▶ [DATASET CONTENT]:
>>>>

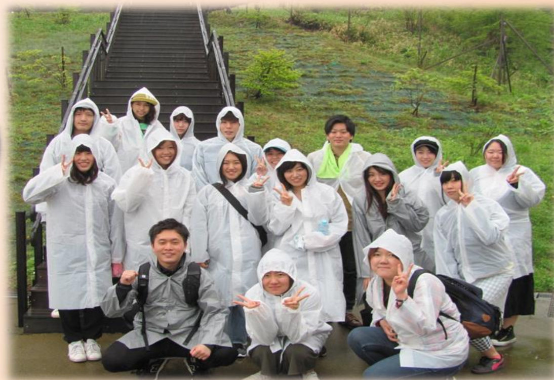
雨の中頑張って歩きました・・・
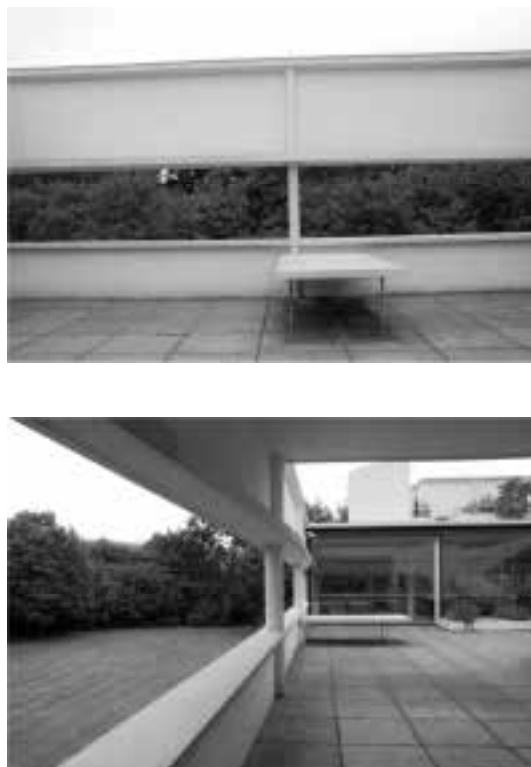
Ilustração 59 – Pátio da Villa Savoye. Focando direcção Sul..

Para Este, a visão, através de um único plano de vidro é atenuada pela densidade e profundidade da sombra projectada pelo alpendre. A sombra e o sol dialogam, e ao longe as árvores aguardam, bem ao fundo.
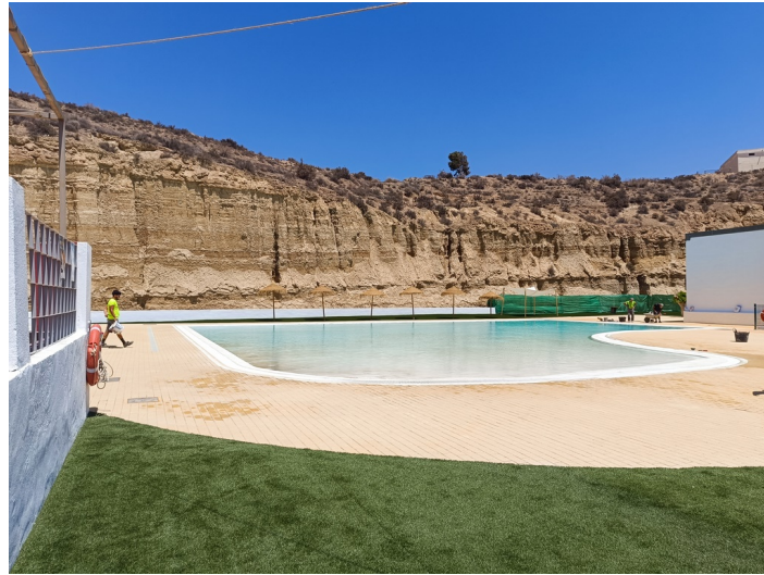
Piscina Municipal I-1 e I-2
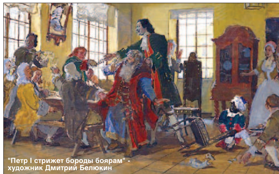
"Петр I стрижет бороды боярам" - художник Дмитрий Белюкин

"Боярам и окольным и Думным и Ближним людям и Стольникам и Дворянам и Дьякам и Жильцам и городским Дворянам и приказным людям и драгунам и солдатам и стрельцам и чёрным слобод всяких чинов людям Московским и городским жителям, и которые помещиковы, и вотчинниковы крестьяне, приезжая, живут на Москве для
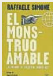
EL MONSTRUO AMABLE Autor: Raffaele Simone. Trad. Alejandro Pradera. Ensayo. Editorial: Taurus. 189 páginas. Precio: 18 euros

El argumento de este lingüista italiano señala el fracaso de la izquierda en su afán por remodelar la sociedad, el declive de las convicciones que la caracterizan y el lastre del comunismo. Frente a esta situación de inoperancia efectiva, la neodercha se dibuja como
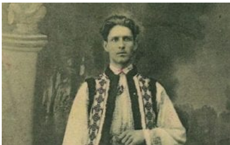
Corneliu Codreanu (1899-1938), zakladatel a vůdce Legie archanděla Michaela, také známé jako rumunská „Železná garda.“

Při příležitosti Codreanuových nedožitých 117. narozenin přinášíme našim čtenářům jeho postřehy k demokracii v její moderní, liberální podobě. Redakce DP
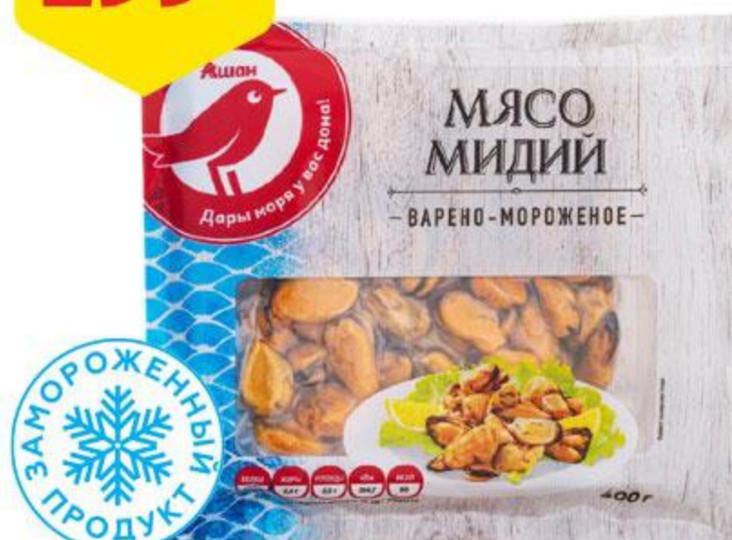
Мясо мидий АШАН варено-мороженое, 400 г
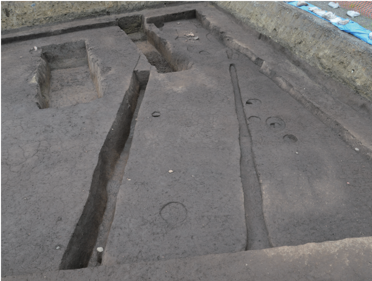
14 151-SD2003 (左側溝)
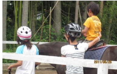
引き馬をはじめゲームなども、野あそび会の子どもたちが運営していきました
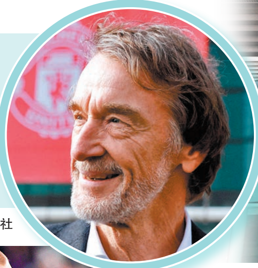
英國富商拉傑夫收購25%曼聯股份。

英超球會曼聯當地時間24日在官網發布聲明，他們已和英力士化工集團(INEOS)主席拉傑夫達成協議，由後者收購曼聯最多25%的A類股，英力士化工集團在足球運營方面負有委託責任。
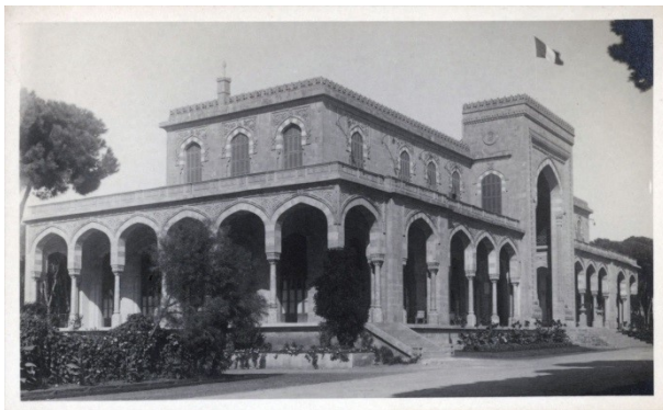
Beyrouth, la Résidence des Pins, siège du Haut-Commissariat de France en Syrie et au Liban (carte postale, 3AE/24)
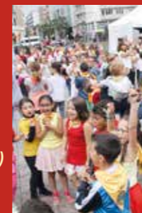
Mainats en Canta

avec les chants traditionnels balkans de Mesechinka .
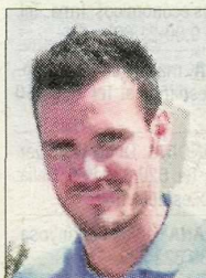
Saül Craviotto Piragüisme

<<<<

Lines from the start of the material through the line containing "Piscina Municipal I-1 e I-2" are to be restated word for word; no picture may be included.

▶ [EXERCISE RESULT]:
雨の中頑張って歩きました・・・
Ilustração 59 – Pátio da Villa Savoye. Focando direcção Sul..

Para Este, a visão, através de um único plano de vidro é atenuada pela densidade e profundidade da sombra projectada pelo alpendre. A sombra e o sol dialogam, e ao longe as árvores aguardam, bem ao fundo.
Piscina Municipal I-1 e I-2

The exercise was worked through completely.